WHY TIGTA DID THE AUDIT
The Institute for Mergers, Acquisitions, and Alliances reports that there were 14,540 mergers and acquisitions in the United States in Calendar Year 2018, with a value of almost $1.9 trillion. There have been approximately 120,000 domestic corporate mergers and acquisitions in the last 10 calendar years, totaling $15.3 trillion. The Internal Revenue Code permits tax-free treatment for transactions that meet certain technical requirements, and taxpayers sometimes make the form of the transaction appear to satisfy those requirements while the substance does not. The Large Business and International Division (LB&I) has been transitioning to issue-based audits and has adopted a “campaign” approach to auditing specific issues. TIGTA performed this review to determine whether the IRS had an effective strategy with respect to the compliance risks presented by mergers and acquisitions.
WHAT TIGTA FOUND
The IRS does not have an overall strategy to address potential tax noncompliance of merger and acquisition transactions. IRS Examination managers TIGTA spoke with asserted that issues related to mergers and acquisitions generally receive the same attention as any other issue.

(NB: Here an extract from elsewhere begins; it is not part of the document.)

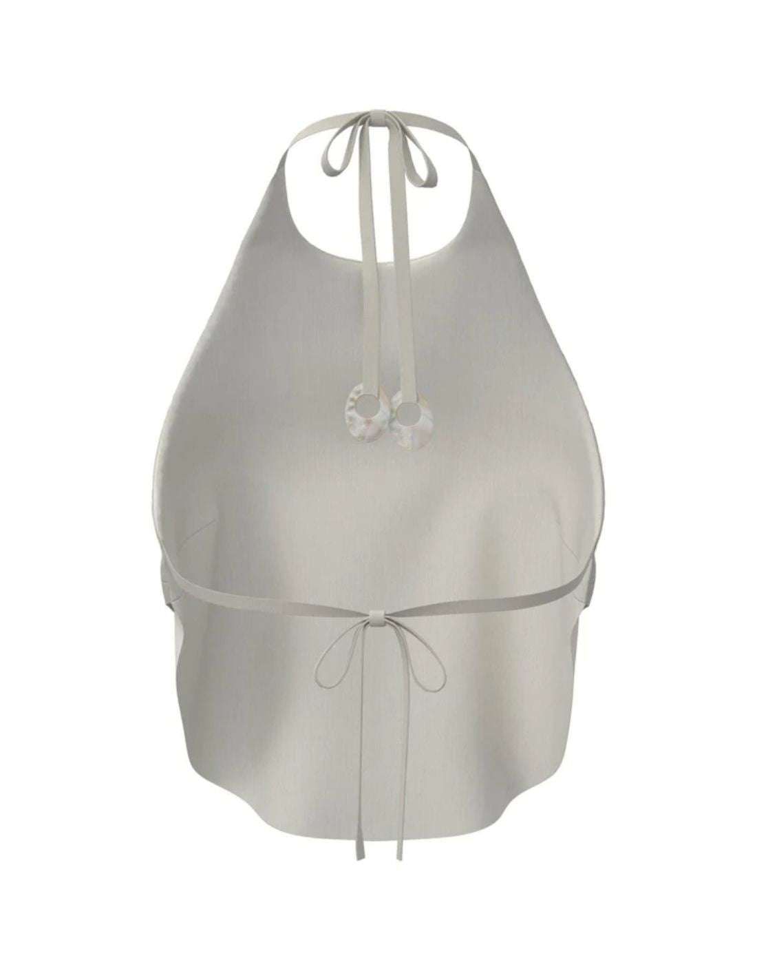 Top corto hecho 100% de lino en color natural y accesorios en nácar. El top presenta un cuello redondo y tirantes delicados adornados con hermosos aros de Madre Perla. Su bajo está decorado con sutiles y elegantes ondas.

IRS data indicate that adjustments were proposed in 400 (8 percent) of the 4,965 instances in which mergers and acquisitions were potentially an issue in closed cases from Fiscal Years 2015 through 2018. When LB&I Division examiners were able to propose an adjustment to merger and acquisition issues, the proposed adjustments were significant: an average of approximately $15.2 million per issue. The IRS collects information on mergers and acquisitions from taxpayers engaging in those transactions but does not use it to identify potential noncompliance. Taxpayers that engage in a tax-free reorganization must notify the IRS with their next tax return by including a statement. When TIGTA asked the IRS to provide the number of these statements filed for Tax Years 2015 through 2017, the IRS explained that while these statements are part of the taxpayer’s return, it was unable to provide the information.
WHAT TIGTA RECOMMENDED
TIGTA recommended that the Commissioner, LB&I Division: 1) establish a strategy for assessing compliance risk and promoting tax compliance in the mergers and acquisitions area, including determining if returns with high-risk merger and acquisition transactions can be identified before they reach the field; and 2) determine whether the merger and acquisition tax forms, and information provided on them, could be used as a compliance tool within a larger strategy to assess risk and ensure that corporate merger and acquisition transactions are compliant with the tax code.
The IRS disagreed with the first recommendation and agreed with the second. The IRS stated that it already has a strategy consistent with the goals of the recommendation. TIGTA believes the IRS’s described approaches to merger and acquisition transactions have been limited, separate, and distinct from one another and support the need for a consolidated strategic approach.
Highlights of Reference Number: 2019-30-050 to the Commissioner of Internal Revenue.